Isomorphous crystals of the selenomethionine version of the protein were prepared under conditions similar to those used for generating the native crystals. To create a reducing environment for the selenomethionine crystallization trials, 40 µl of 1 M FeSO4 was suspended between the droplet and the buffer reservoir in a concave bridge.

Data sets were collected from native crystals grown in the presence of zinc at 100 K using an R-axis II detector with monochromatic Cu radiation. Crystals were cryoprotected in crystallization solution diluted with PEG400 at 32% v/v. Data were processed with DENZO and merged with SCALEPACK (Otwinowski and Minor, 1997).

Anomalous dispersion data were collected at 100 K from cryoprotected Se-methionine crystals at station 5.0.2 of the Advanced Light Source (ALS) at the Lawrence Berkeley Laboratory. One data set was collected from crystals grown in the presence of 0.1 mM ZnSO4. In agreement with the MALDI mass spectrometry results described above, the fluorescence spectra indicated that the Se sites were predominantly in the reduced state. Data were collected in inverse-beam mode at the peak of the Se anomalous signal and at a remote, high-energy wavelength. Peak and remote data were also collected from a second crystal grown in the presence of 1 mM CoCl2. These data were useful for confirming the position of the Se sites. The MAD datasets were processed and scaled with HKL2000. The data are summarized in Table I.

Phasing and refinement

Three internally consistent Se sites were found with the Patterson search routine in SHELX (Sheldrick, 1997) using modified anomalous difference amplitudes [prepared with the program REVISE (Collaborative Computational Project No. 4, 1994)]. The positions and occupancies were refined and the starting phases calculated using MLPHARE (Collaborative Computational Project No. 4, 1994). The map, calculated using the three principal sites, was improved and the resolution extended by density modification using DM (Cowtan, 1994). This map was readily interpretable. One molecule of TolA domain III occupies the asymmetric unit, with a Matthews coefficient of 2.97 Å3/Da, corresponding to a solvent content of 58.3%. The chain was traced using QUANTA and the model was refined against the Se-methionine peak dataset using REFMAC5 (Murshudov et al., 1997). The N-terminal methionine, which represents the fourth Se-methionine of the asymmetric unit, could not be visualized in the refined maps. The refined Se-methionine model was used as the starting point for the refinement of the native crystal form. The refined stereochemistry was evaluated using PROCHECK (Laskowski et al., 1993). For the refined Se-methionine crystal form, 98.2% of the residues were in the core region of the Ramachandran plot, and the remaining 1.8% in the allowed region; for the crystal of the native proteins these values were 97.8% and 2.2%, respectively. The stereochemistry was also evaluated using MolProbity to guide choice of side chain rotamer (http://kinemage.biochem.duke.edu/molprobity). A summary of the refinement details is presented in Table II.
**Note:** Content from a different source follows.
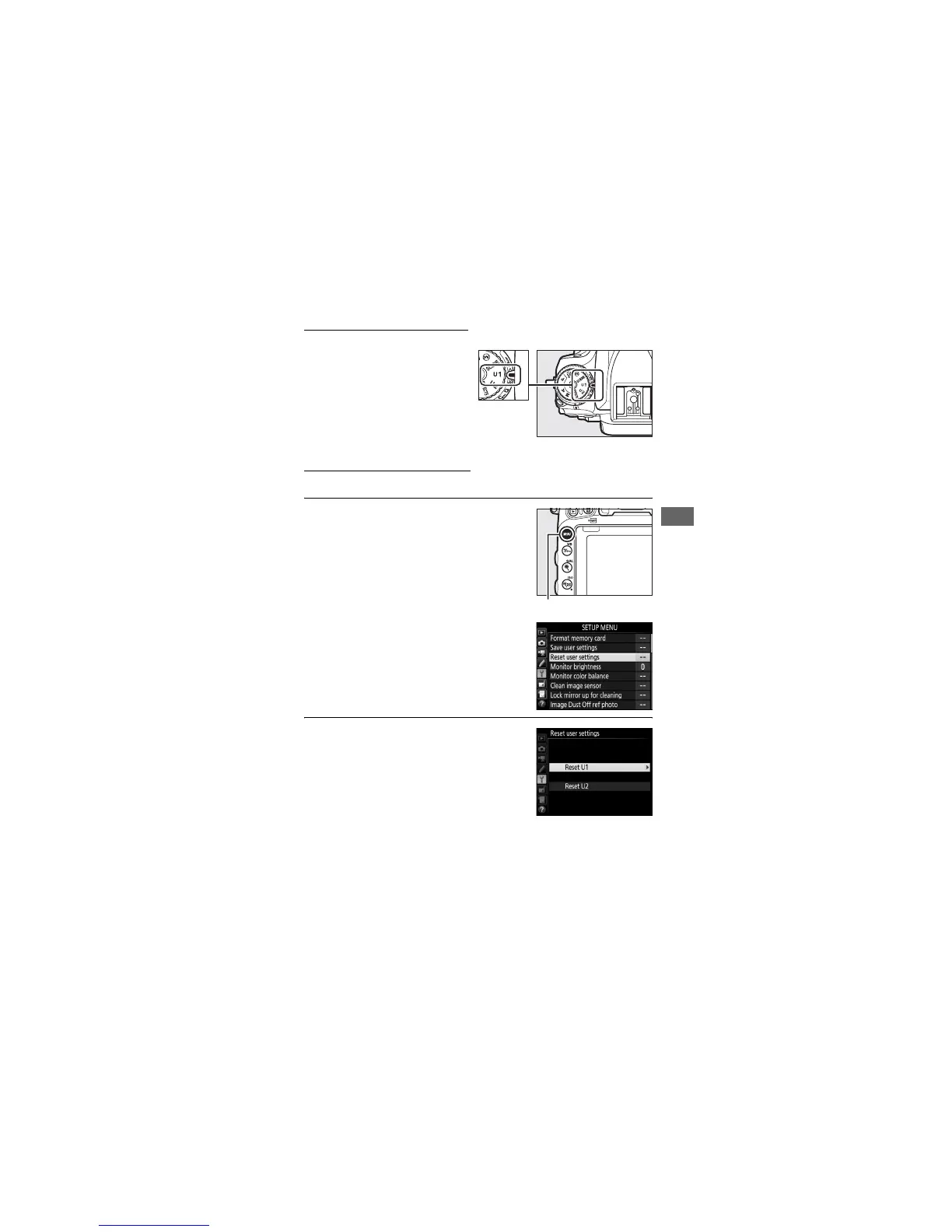 To reset settings for U1 or U2 to default values:

The electron density for the N-terminal helical region in the Se-methionine crystal form is notably less well defined than for the core of the protein, and the refined temperature factors in this portion of the structure are greater. Representative density for this region is shown in Figure 3B. To confirm that the poor density was not due to the possible effect of averaging distinct conformations by enforcing imperfect crystallographic symmetry, maps were calculated with the refined structure in lower symmetry space groups (P63 and trigonal P322), but the density was not improved.

The growth of the TolAIII crystals was strikingly induced by transition metals. In the crystals of both the native and Se-methionine proteins, metal ions, presumably Zn2+, were found to be tetrahedrally coordinated by water molecules and the Nε atoms from histidine imidazole groups of the His6 tag. The identity of these metals was corroborated by anomalous Fourier syntheses. The metals are shared by symmetry-related molecules, and this arrangement must reinforce the lattice.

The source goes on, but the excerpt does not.